Saks Fifth Avenue reopened all 40 of its stores in the U.S. by 24 June, including its flagship New York City store.
The Manhattan emporium has installed ultraviolet handrail cleaners on its 22 escalators and scattered 100 hand sanitizing stations throughout the 10-floor store. Shoppers and staff are required to wear face masks. Elevators are reserved for elderly or frail customers. Shoppers can book appointments with sales associates or reserve a dressing room in advance.
Customers uneasy about being in crowds can make personal appointments to visit the store during the two hours before its 11 a.m. opening time or after it closes at 7 p.m.

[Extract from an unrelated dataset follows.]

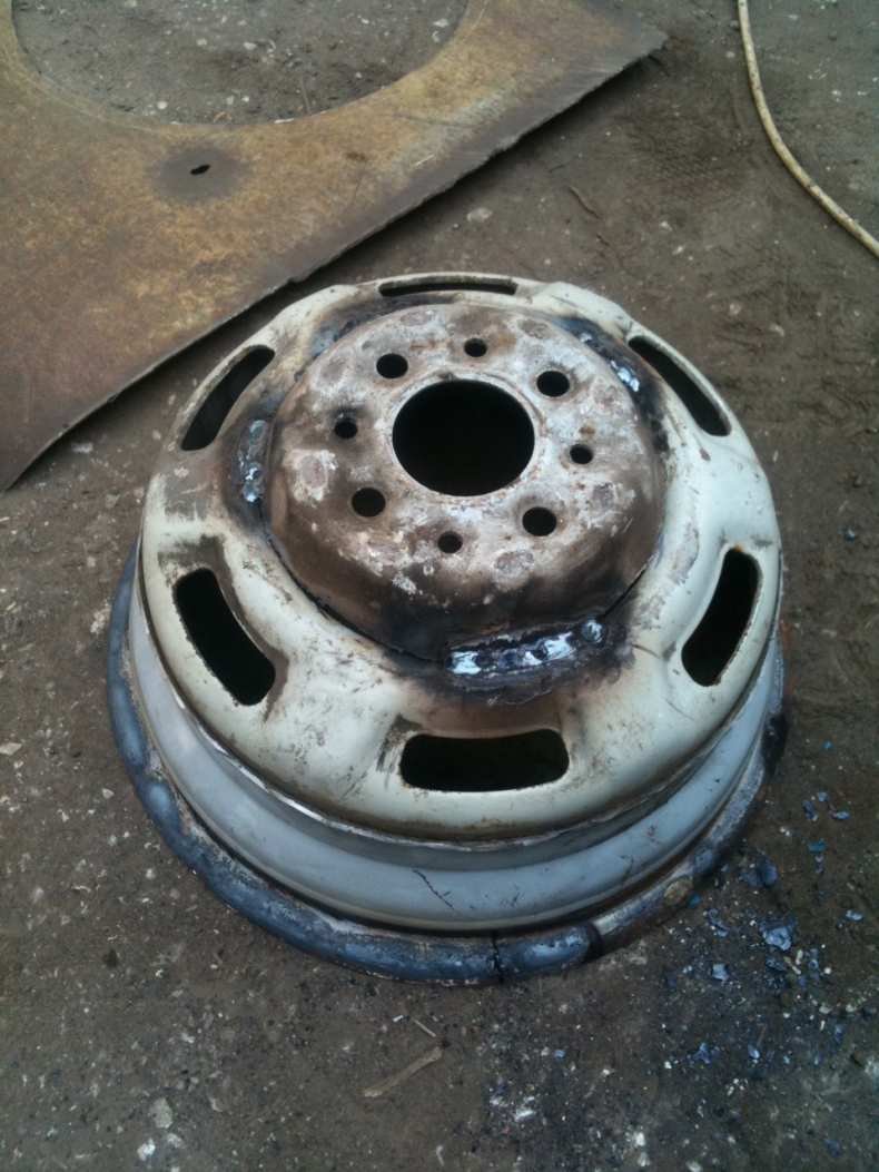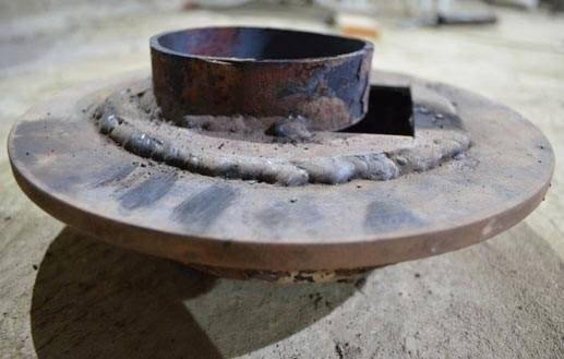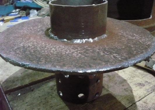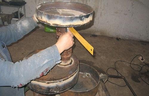 - Потом отрежьте от листового металла круг диаметров 14 см, после чего приврите его к отрезку трубы.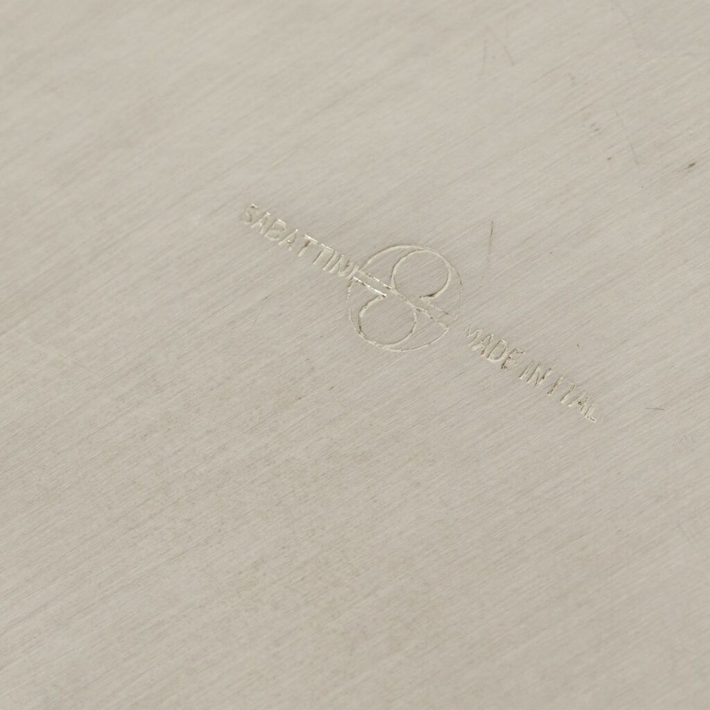 This elegant wide-necked glass carafe, which still bears the maker’s sticker, sits within a silver-plated bowl with a rolled edge. It’s typical of Sabattini’s finely tuned production in metal, with a cut-out steel cap that reveals the lip.

The store has reported steady traffic for its luxury handbags, expensive shoes, and other high-end goods.
The Saks store usually collects a third of its revenue from tourists, but CEO Marc Metrick thinks it can make up that lost revenue through the “captive shoppers” who live in New York and are not traveling now outside the region.
Each shopper entering the now-reopened Tiffany’s will be escorted around the store by a salesperson who will politely enforce social distancing. Jewelry will be sanitized after a customer handles it.
Bergdorf Goodman also is booking appointments for its New York City shoppers.
TREND FORECAST: Once again, the “experience” has been sapped out of life. Under these new ABnormal rules, regulations, and restrictions – plus the decline in tourism, which was a big boost for luxury retailers – there will be no bounce back in business.
In fact, we forecast a surge in retail bankruptcies. At this juncture, the realization of the devastation from the COVID War will hit both Wall Street and Main Street in the last quarter of this year.